Planning for the future
During the inspection people and relatives did not want to have conversations about planning for the future. People told us there was a Chaplain who held regular services, which people felt was a supportive experience. People told us the Chaplain was kind and they could speak to them if they wanted. Relatives did not share any concerns about planning for the future and we did not receive any feedback from people whose relatives had passed away.
The service employed a Chaplain. They told us “I often will lead a chat with bereaved relatives of all faiths. There is one person here who is not Methodist, and they are supported by a relative who helps them pray, but if they did not, I would contact a relevant person within their religious community and sort this out for them. We have visits from a Catholic deacon who supports Catholic residents … I conduct both religious and non-religious funerals and keep in contact with families after a person has died.

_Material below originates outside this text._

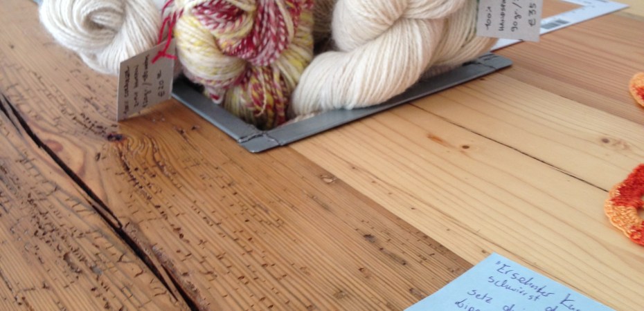 Das Ragù hat mir so gut gefallen, weil es sich vom typischen „Wollladen mit Kaffeeausschank“ abhebt. Es ist eben in erster Linie ein Café, aber äußerst Stricker/innen freundlich. Mark spinnt selbst Wolle, die man auch im LAden erwerben kann. Oder man schaut im fasziniert zu, wie er sich zwischendurch mal ans Spinnrad setzt und ein paar Meter spinnt. Außerdem gibt es viele von ihm und auch anderen lokalen Stricken/innen gestrickte Sachen, die man im Laden erwerben kann.

If the funeral is far away, we do a memorial about the person for the staff as they like to remember them as well. We do a celebration of staff service, and all relatives are invited to the local Methodist church. We have little hearts we put on our tree of life, and there are tea and cakes in the church, it’s very supportive.” Staff told us the Chaplain delivers training. One staff member told us “I think that [providing training] is very considerate, she speaks to the staff and really supports the staff to prepare for when people die, because it is a profound thing. She has also explained what happens after someone dies.”
We saw evidence the service had promoted a positive experience for relatives of people nearing the end of their life. We saw the service had implemented ‘comfort boxes’ for relatives with toiletries, a card for the family including and a handwritten note from the area manager. The area manager told us "It's our last gift" and explained the boxes were given to family members when someone was approaching the end of their lives and the relative wanted to stay with their loved one at the service. We saw evidence of the manager communicating with other health professionals when people began to show signs of deterioration. We saw evidence the provider had a protocol for end of life which included having correct medicines in place and people’s relatives were encouraged to stay at the service. The manager had recently obtained a fold up bed for relatives to use if they wanted to stay in their loved one’s room with them. We saw evidence the Chaplain provided in-house training called ‘Final Lap’ which incorporated understanding of different faiths and end of life care.